● **WHAT THE EXERCISE ASKS**
Look at the data below and print exactly the lines from its first line through the line with "A soldiers release"; the pictures stay out of the copy.

● **AVAILABLE DATA**
::::

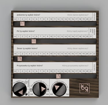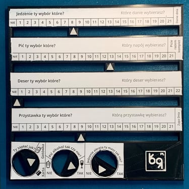A tactile plate with sliders made from high-end materials, which enables deaf clients to communicate their orders and payment preferences to waitstaff easily. It was created with the polish deaf community and improves their dining experience and helps them enjoy luxury experience without communication barriers.
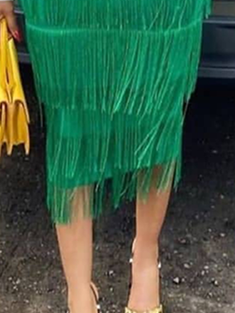 Green Fringe Bodycon Pencil Skirts Tassel High Waist Women Stretch Sheath Midi Length Ladies Slim Jupe Saias faldas Big Size
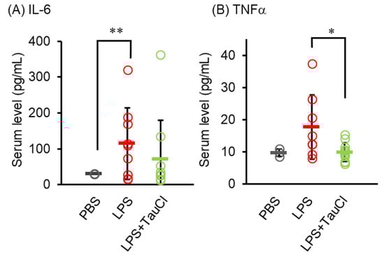 Effect of TauCl and taurine on serum cytokine level. Blood was collected from mice 2 days after PBS or LPS injection. Serum IL-6 (A) and TNF-α (B) levels were measured by ELISA. Values shown represent means ± SD. n = 3 (PBS), 8 (LPS), and 11 (LPS + TauCl). * p < 0.05, ** p < 0.01 (Tukey–Kramer’s t-test).
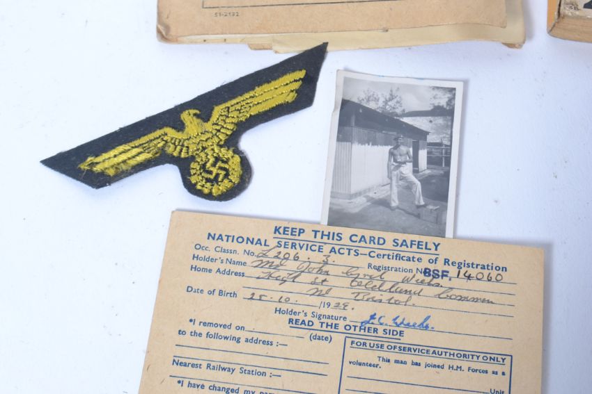 A soldiers release book for Cpl JC Weeks - Tripolitania Signal Squadron - To include a Nazi breast eagle patch, paperwork to include Unit Military Conduct sheet, National Service Acts along with 3 books. Tail Gunner by Rivaz, The Deep End - Battle For Africa and Combined Operations - The Official Story of the Commando's
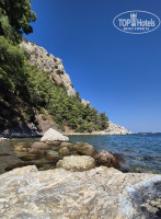 Пляж достаточно чистый, имеется душ и сотрудник отеля, который бдит за тем, чтобы отдыхающие мыли ноги и обувь от песка, прежде, чем подняться в бар и бассейн. Есть пирс под навесом. Лежаки - сетка, в нормальном состоянии. Урны присутствуют, но есть отдыхающие, которым на них плевать((( Береговая линия - песок с крупной галькой при заходе в воду. Мы обходились без обуви, практически сразу глубина. Слева вход поудобнее. Но и для маленьких деток есть где побулькаться. Лежаки занимались практически с 6 утра, но даже после завтрака (часов в 9-10) можно было найти места.
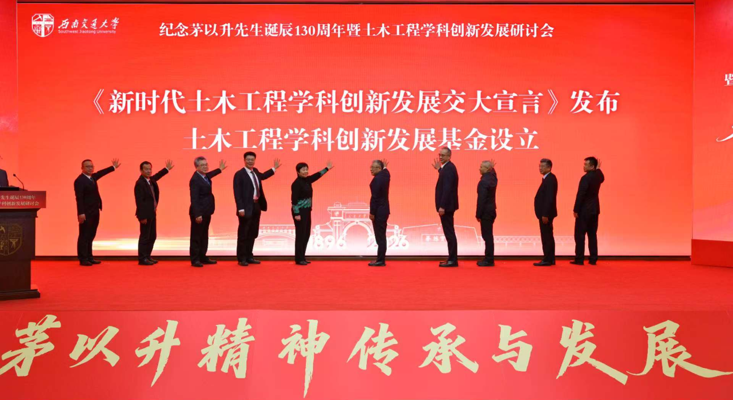 秦顺全、茅玉麟、余敏明、闫学东、任辉启、何川、张敏、李传富、邓军桥、蒲黔辉共同启动《新时代土木工程学科创新发展交大宣言》发布暨土木工程学科创新发展基金设立仪式。
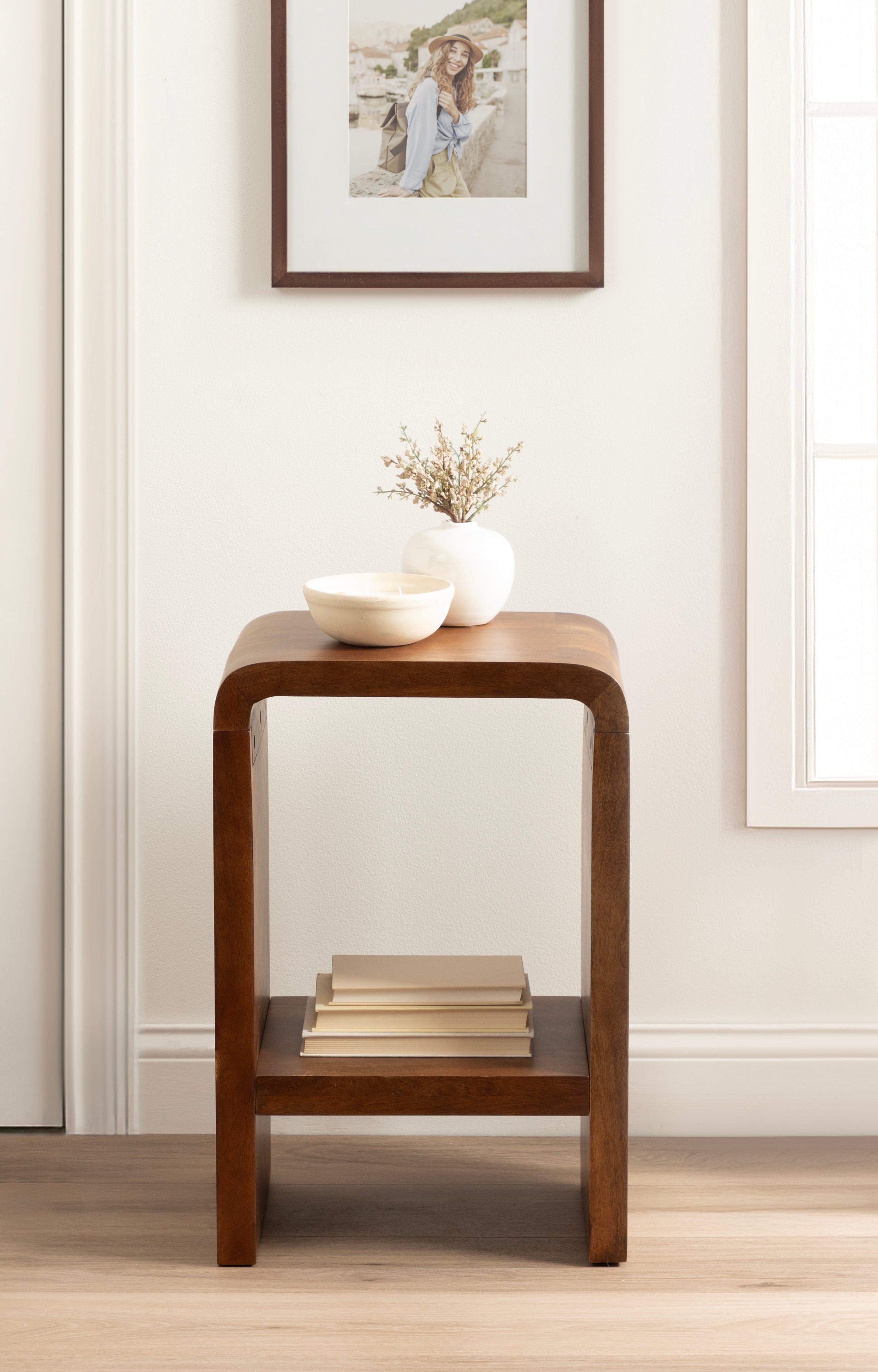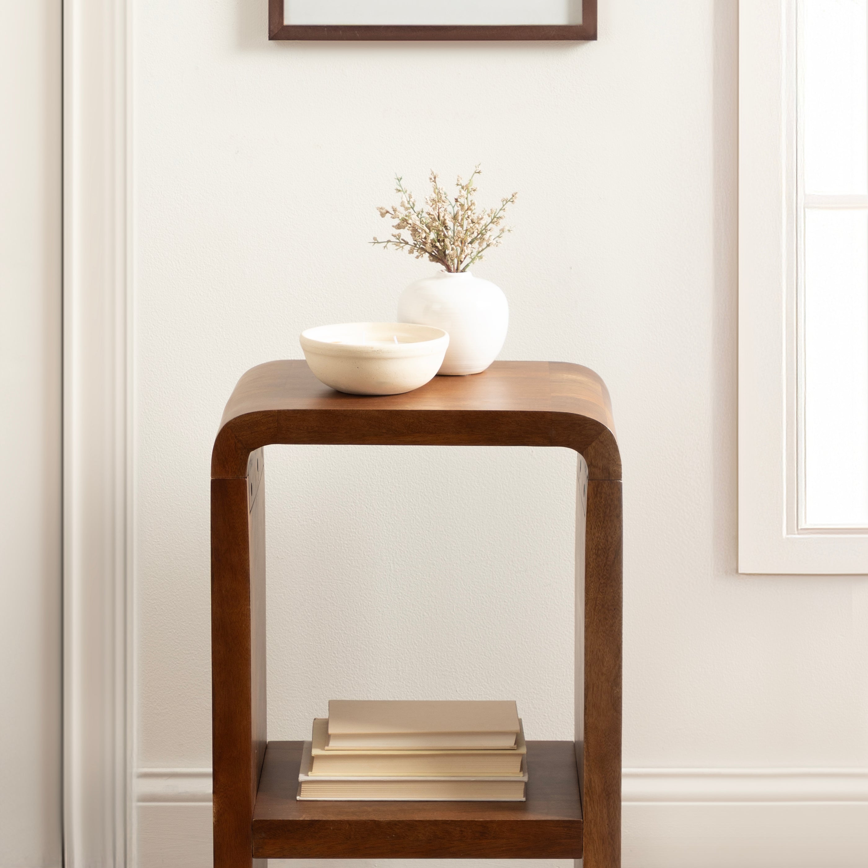 Discover your love of a variety of decor styles with the sophisticated Reddy table. This side table is crafted in India from robust mango wood, allowing each piece to have its own distinct finish and wood grain. Each Reddy table features two tiers of tabletops that are excellent for serving cocktails on coasters, displaying your decorative accent pieces, or storing your basic household necessities. It's perfect as a side table in your living room, a catch-all near the entryway, or simply by your bed.
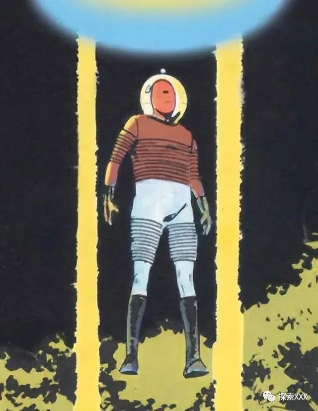孩子们意识到,它是从飞船里负责仪器的同伴那里得到了一个手势暗示。也就在那个生物转身的一瞬间,孩子们看到他衣服上还挂着一个铜色的盒子。
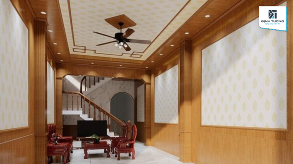 Mẫu phòng khách ốp nhựa phù hợp cho nhà nông thôn, nhà phố, biệt thự,...
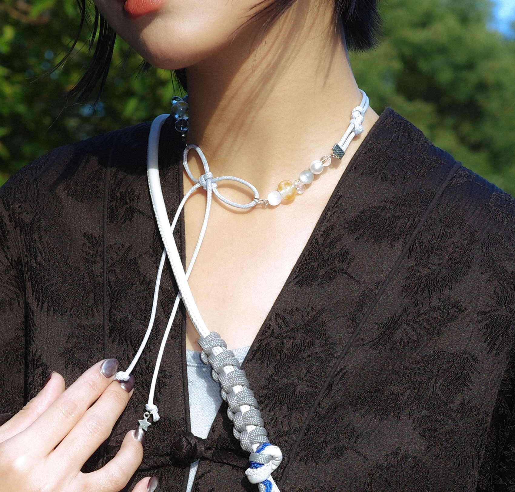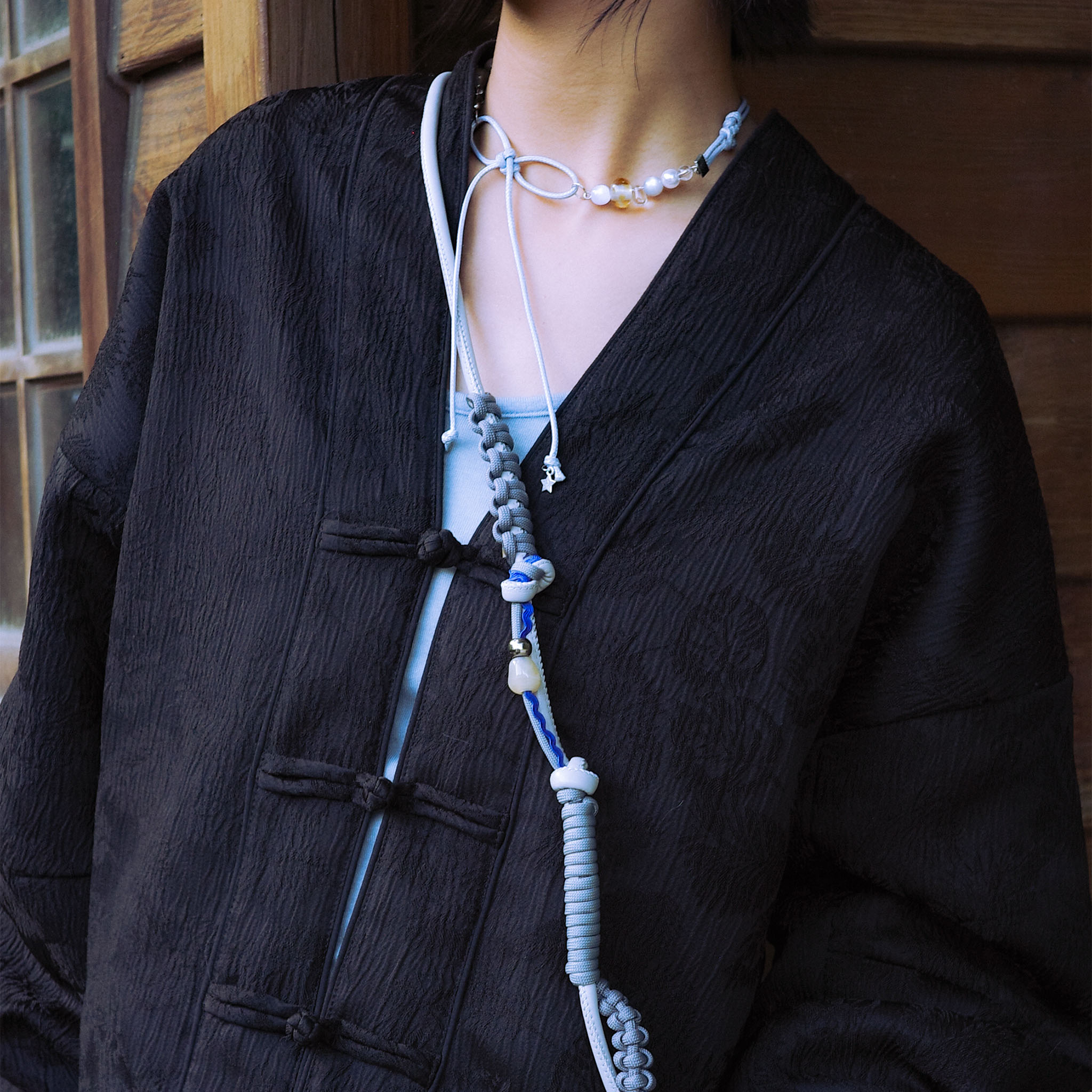 融合 中國繩結的蝴蝶結與 金蝶結細節, 搭配日系波點玻璃珠的清透質感, 在冬日光影中呈現一種柔霜般,靜謐卻耐看的風格。
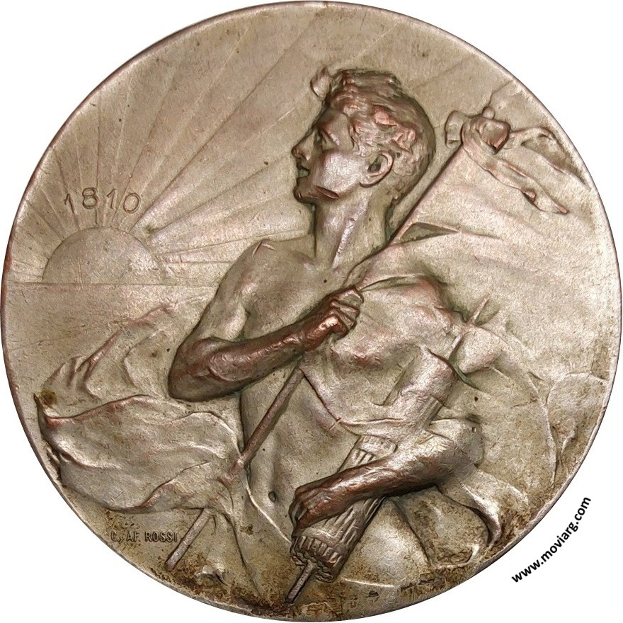 Anverso: 1810. Firma: C. Y AF. ROSSI Reverso: BUENOS AIRES - 8 MAYO 1910. / CON EL PROPOSITO DE CONCURRIR EL / P.E. DE LA NACIÓN Á LOS FESTEJOS DEL / 1R. CENTENARIO DE LA REVOLUCION DE MAYO DE 1810 / Y EN EL DESEO DE CONMEMORAR LA GLORIOSA FECHA / EL PRESIDENTE DE LA REPÚBLICA DECRETA: / ART. 1° POR LA CASA DE MONEDA SE ACUÑARÁN MEDALLAS / CONMEMORATIVAS DEL 1R. CENTENARIO DE LA EMANCIPACIÓN / NACIONAL CUYAS COMPOSICIONES Y GRABADOS DEBERÁN / CONFIRARSE Á ARTISTAS ARGENTINOS / . . . . . . . . . . . . . . . . . . . . . . . . / ART. 4° COMUNIQUESÉ, ECT. / FIGUEROA ALCORTA - MANUEL DE YRIONDO / JOSÉ GALVEZ - V. DE LA PLAZA / ROMULO S. NAÓN - EDUARDO RACEDO / ONOFRE BETBEDER - PEDRO EZCURRA / E. RAMOS MEXIA. Firma: C. Y AF. ROSSI Referencia: | |
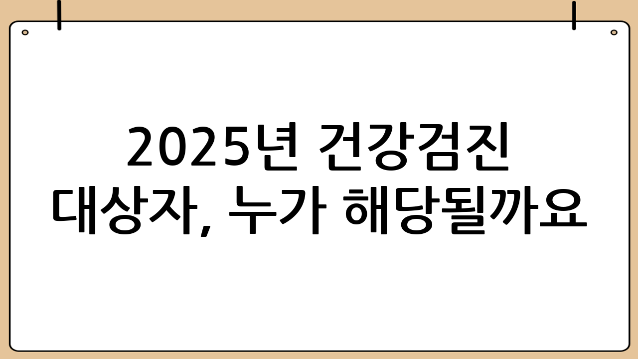 건강검진은 국민건강보험 가입자라면 누구나 받을 수 있는 혜택입니다. 2025년에는 만 20세 이상인 국민건강보험 가입자 중, 짝수년도에 출생한 분들이 일반 건강검진 대상자가 됩니다. 또한, 만 40세 이상인 분들은 암 검진 대상에도 포함될 수 있습니다.
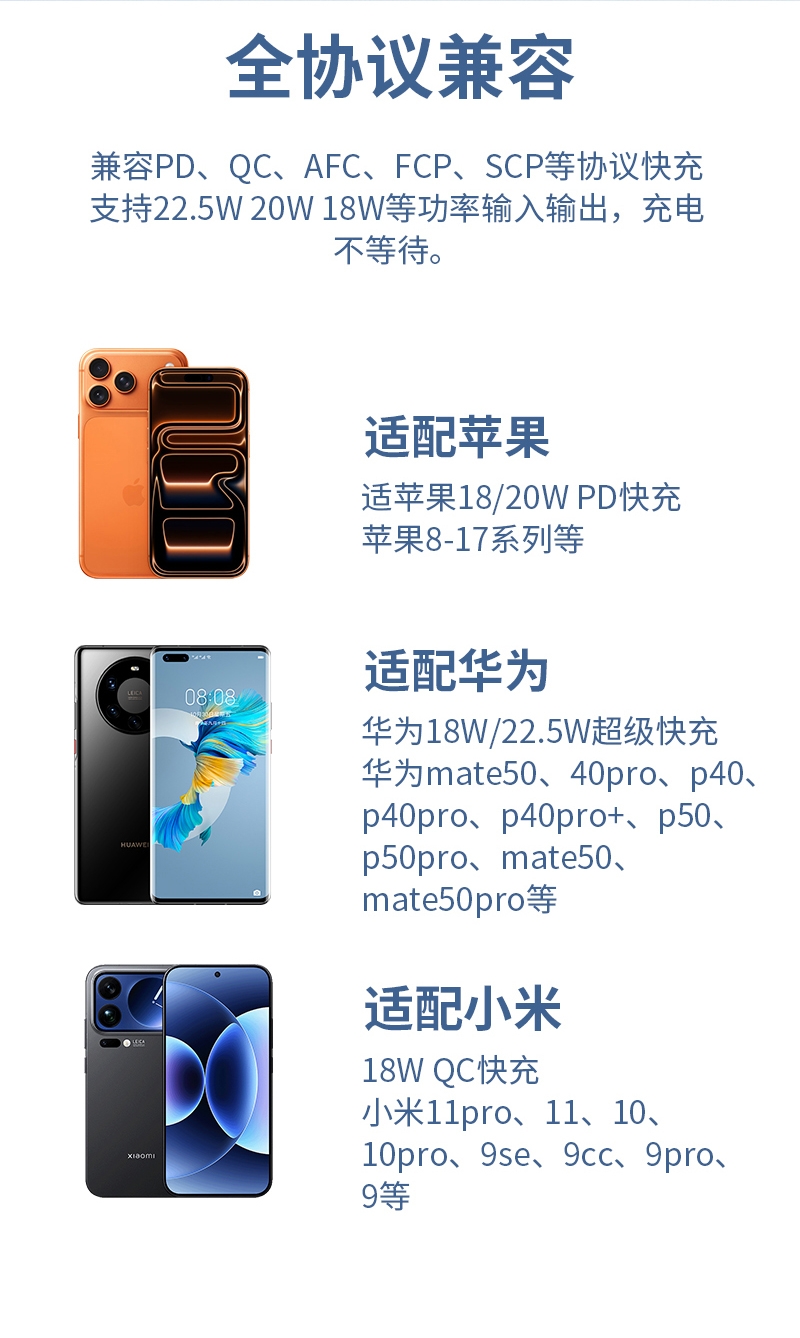 充电协议:PD3.0,QC2.0,QC3.0,QC4.0
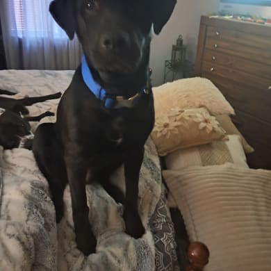I call him Carlos bandana when he wears his guitar bandana. His aunt made it for him when my dad died. He used to play guitar, so she made a bandana with pictures of guitars on it for him to wear in memory of her grandfather, my dad.\n That is why I call
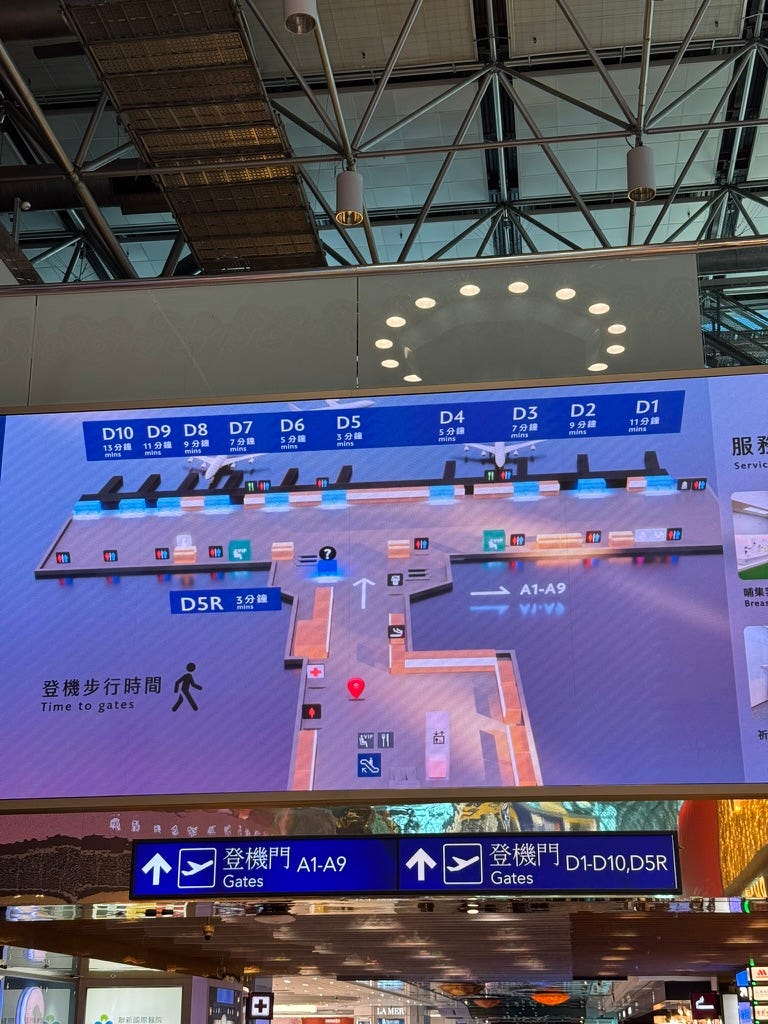 一早人蠻多的,大約 8:20 左右完成安檢出境,先去二樓吃個摩斯當早餐;分配到的登機門也是最遠的 D1。
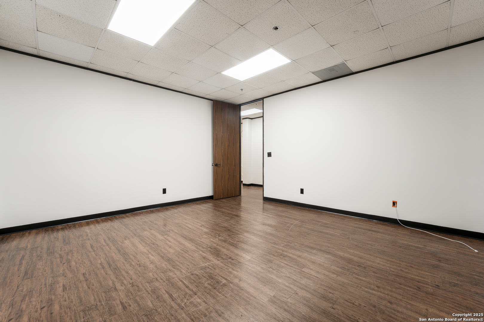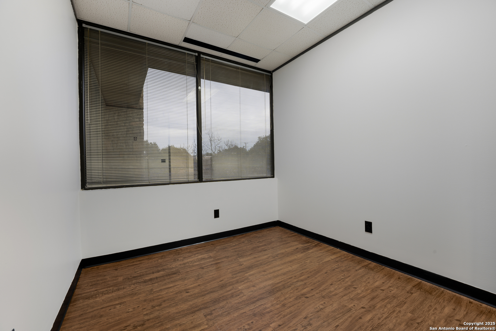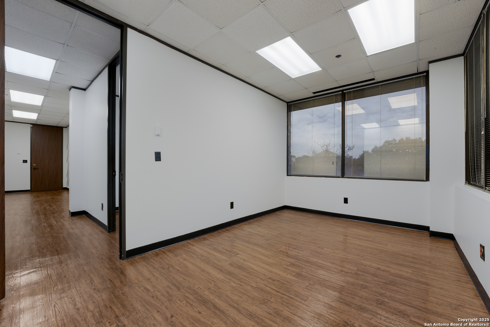 This second-floor suite is 1,128 square feet, offering five office spaces with laminate flooring. It is a full-service, no-triple-net-charge office building across from Churchill High School. The building has an on-site manager's office, public restrooms, weekend and after-hours access, nightly housekeeping Monday through Friday, covered parking available for a fee, and two elevators.

::::

● **OUTPUT BELOW**
A tactile plate with sliders made from high-end materials, which enables deaf clients to communicate their orders and payment preferences to waitstaff easily. It was created with the polish deaf community and improves their dining experience and helps them enjoy luxury experience without communication barriers.
 Green Fringe Bodycon Pencil Skirts Tassel High Waist Women Stretch Sheath Midi Length Ladies Slim Jupe Saias faldas Big Size
 Effect of TauCl and taurine on serum cytokine level. Blood was collected from mice 2 days after PBS or LPS injection. Serum IL-6 (A) and TNF-α (B) levels were measured by ELISA. Values shown represent means ± SD. n = 3 (PBS), 8 (LPS), and 11 (LPS + TauCl). * p < 0.05, ** p < 0.01 (Tukey–Kramer’s t-test).
 A soldiers release book for Cpl JC Weeks - Tripolitania Signal Squadron - To include a Nazi breast eagle patch, paperwork to include Unit Military Conduct sheet, National Service Acts along with 3 books. Tail Gunner by Rivaz, The Deep End - Battle For Africa and Combined Operations - The Official Story of the Commando's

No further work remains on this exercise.